Poor schmuck got sidetracked by a bucket full of piss

Maybe one day Gil will get to the truth

Gil’s tactics shape so badly too short of the tooth

 

4.0 student, Gil

Unsubstantiated claims

Easter Island head

 

Will somebody please wake up Gil and apprise him that if he’s going to be out of the office like he’s been the last several weeks, that he just can’t pop back in and start a witch hunt on evidence that is as shaky as Dr. Pearl’s skin medication? Boy, if they gotta apply the truth to her face, it might not cover all the wrinkles. You might apply Pond’s Medicated Cream to Teddy Blue’s Hair. It’ll still look ugly, but wow, the Mohawk sparkles and shines. Granny Clampett and Clearasil, I’m layin’ my money on that venture before Gil gets his bell rung and stops giving credibilty to the warts on Teddy’s head. Can’t use Oxy 5 on a Mohawk, the way I understand it.

We might as well employ the services of Jed Clampett. Go out in that buggy of his and take his shotgun with him. I wouldn’t want to be in Teddy’s shoes now. I wouldn’t want a man pulling up in my driveway in a contraption meant for coon-hunting and oil well-discovering, some old lady who’s following him carrying a jar full of Bucket Possum Gizzards.

“Well, no, Mr. DeMarco, that’s whut I came fer, ta git ta the bottom uv this. Now if ya say that he wuz swimmin’ in our hole in the back afore thuh gators came out fer feeedin’ time, I believe ya. I reckon I kin reason with ol’ Chris over it.”

“Ye-ahh, an’ ya tell ‘um that if he jumps in that hole agin, I’ll set thuh trap and he’ll be lunch fer them gators.”

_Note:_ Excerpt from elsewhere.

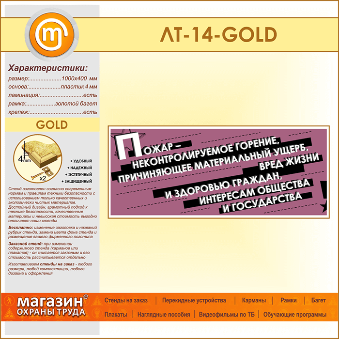 Лозунг «Пожар - неконтроллируемое горение...» (LT-14-GOLD) в Пензе купить

“Now, Granny, simmer down. We ain’t gonna make Chris a sacri-fish-ull lamb. We’ll wait until he takes the exam, then we’ll spring the gators on him. Ol’ Jethro’s one uv thuh proctors and he kin slip the gators past security.”

“I still think if yuh tote one of them gators ta Gil’s office, ya might scare the tarnation out of both of ’em. Then they both might be honest fer once.”

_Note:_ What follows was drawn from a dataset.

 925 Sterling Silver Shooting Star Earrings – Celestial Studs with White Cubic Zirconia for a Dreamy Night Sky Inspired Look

“I dunno, Granny. Ya might have better luck gittin’ Jethro ta show up at his weddin’ than ol’ Gil showin’ up at his position, ‘specially when the truth’s at stake. Reckon ya might throw another one ’em T-bone slabs at the gators fer good meassure.”

 

Today’s headline in the Milford Enquirer

“O.J. Denies Any Affairs With Granny, Says Relationship Is On The Up And Up!!!!!!!!!!!”

sub headline

“Nowhere near common-law. I just ate some sauteed toad legs and taters at her table one night, that’s all.”

 

You gotta be kidding me, Thorp. Yes, it IS serious but NO, it isn’t Chris you need to speak with. Someone needs to use a gator trap on your Rock ’em Sock ’em head and squeeze the truth out of you.

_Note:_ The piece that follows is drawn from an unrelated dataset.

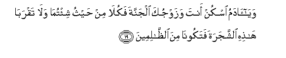 19. Waya adamu oskun anta wazawjuka aljannata fakula min haythu shi/tuma wala taqraba hathihi alshshajarata fatakoona mina alththalimeena

Earth to Gil. As the readers have accurately pointed out WHERE DID TEDDY GET THOSE TESTS????? That’s the first thing you need to be asking before you drag an Honor student in your office and ask him the equivalent of whether he ever settled on his overdue parking fines. Yeah, you should pay them eventually but if some jackass is ridin’ the streets of Milford in his Harley at 80MPH in a School Zone, there’s no sense in takin’ Chris to the station when Teddy is using Milford for the Indianapolis 500. It’s the spectacle of racing, all right, and I’m not referring to the city. I bet you might find out that Teddy doesn’t have a license to ride that thing. Probably got his registration out of the Milford Pawn Shoppe. Y’know, the BOGO scenario. No wonder why Teddy was able to get that and a grocery sack full of AP exams.

 

“Can I see your driver’s license and registration, Mr. Clampett?”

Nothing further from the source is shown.